** Records to process follows **

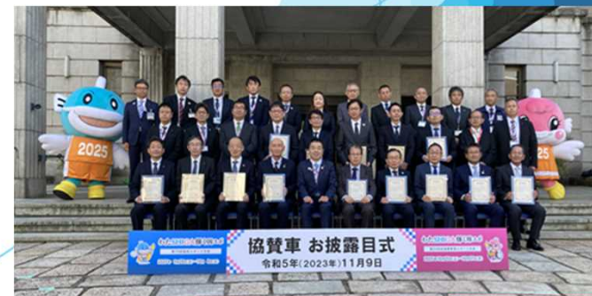
協賛車両 合同お披露目式
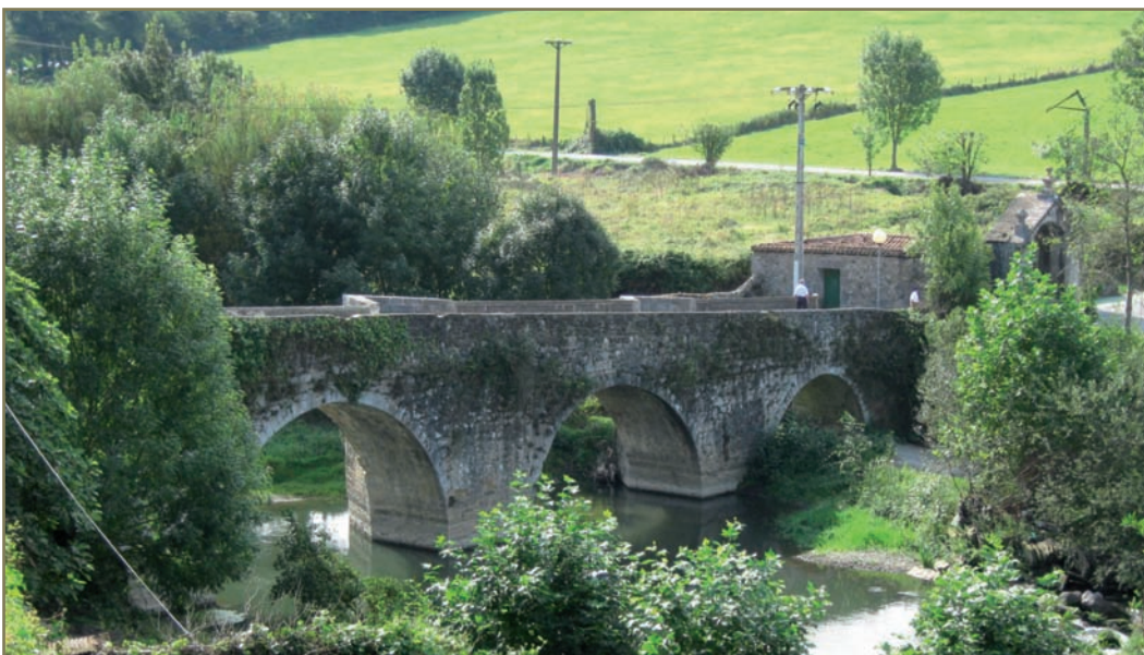
1.25. irudia. Zubimusuko zubia eta presa.

Joan Perez Eizagirrekoa erreginaren eskribau zela aipatzen da, eta ez erregearen eskribau. Bestalde, Aizubiko erroten presa, gure ustez, orain bezala Zubimusun zegoen.
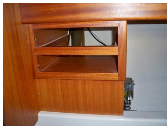
Der er ikke meget plads at arbejde på til at få påfyldningsslangen af. Adgang fra siden var også umulig.
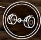
Bloqueio Eletrónico do Diferencial Traseiro
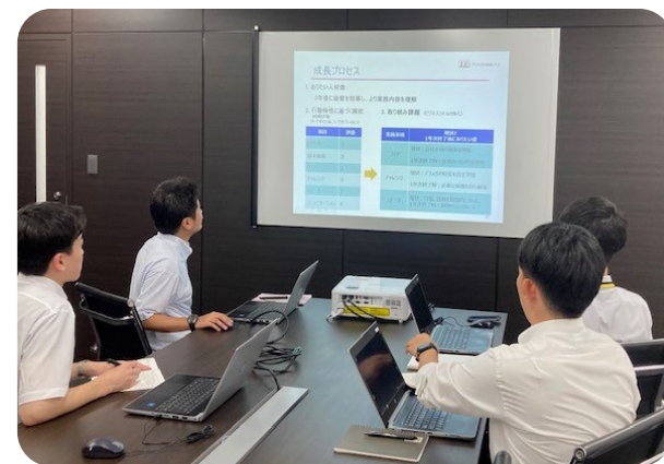
8月29日開催 成果報告会(総括)の様子

** End of Records to process **

— Work task —
Output an exact copy of the lines from the one with "Bloqueio Eletrónico do Diferencial Traseiro" through the closing line of the records, inclusive, without any images.

— Task output —
Bloqueio Eletrónico do Diferencial Traseiro
8月29日開催 成果報告会(総括)の様子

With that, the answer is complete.